In the Venn diagram that is my professional world — journalism, Jewishness and New Yorkiness — the red-hot overlap belongs to Bari Weiss, until recently a writer and editor on The New York Times opinion pages. Before coming to The Times in 2017 as a putative “contrarian” voice, Weiss, now 35, cut her teeth on pro-Israel activism and Jewish journalism. When she announced her resignation earlier this month, it was a sensation among journalists, but also among Jews on the right and the left.
The Jewish right reviles The Times’ Israel coverage. They lamented the loss of what they consider one of its few pro-Israel voices (Weiss, the author of a recent book on anti-Semitism, claimed that her colleagues mocked her for writing too often about Israel) and a bulwark against political correctness.
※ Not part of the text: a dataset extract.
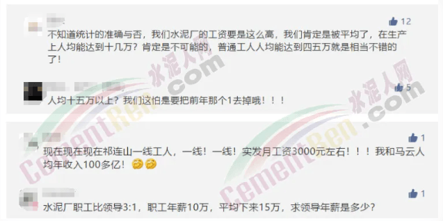 但是,仍有很多水泥企业员工给水泥人网留言称,自己根本没有涨工资,甚至还有被拖欠工资的情况,并且直呼收入被“平均化”了。
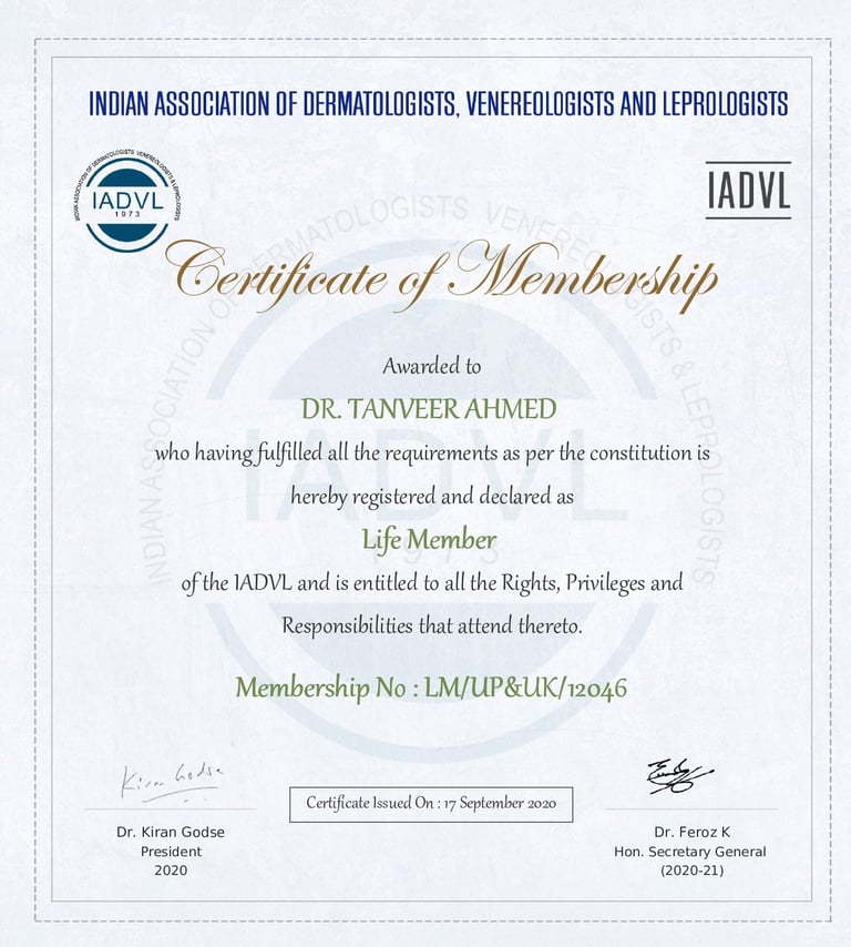 He is a Lifetime Member of IADVL (Indian Association of Dermatologists, Venereologists and Leprologists), reflecting his commitment to professional excellence and updated dermatology practices.

In her scorching public resignation letter, Weiss accused her bosses and colleagues of liberal groupthink.
Her liberal Jewish critics have accused her of sloppiness, hypocrisy and disingenuousness, saying she promoted discredited conservative ideas under the guise of free speech, blurred distinctions between anti-Semitic and anti-Israel rhetoric, and sought to “cancel” writers with whom she has tussled.
From where I sit, rarely did the things she write and commission deserve the attacks she attracted (only among New York Twitterati, many suggest, would her centrist views be seen as far right). Even when I disagreed with Weiss, I looked forward to reading her. I’d rather argue animatedly over something she wrote than nod with boredom over someone I always agree with. But she courted and welcomed controversy, and often her words and assignments seemed calculated to provoke exactly the reactions she now decries.
The Weiss affair is tied up in current debates over “wokeness,” free speech, liberalism and, in Weiss’ case, gender and Israel politics. But one thing her resignation is not about is the “death of American journalism,” despite people’s efforts to portray it that way. “Journalism” is not the latest social media argument over this or that op-ed or tweet and whether it should have run or been written. Journalism is rarely what they are doing on cable news after 8 p.m., when panels of like-minded people agree to agree.
The New York Times’ opinion section is journalism, of course, but only of a singular, if highly influential, kind. Like the paper itself, it tends to overshadow the more typical work of the thousands of reporters, editors and broadcasters who are trying to provide us with the diet of information that is essential to a healthy, functioning society.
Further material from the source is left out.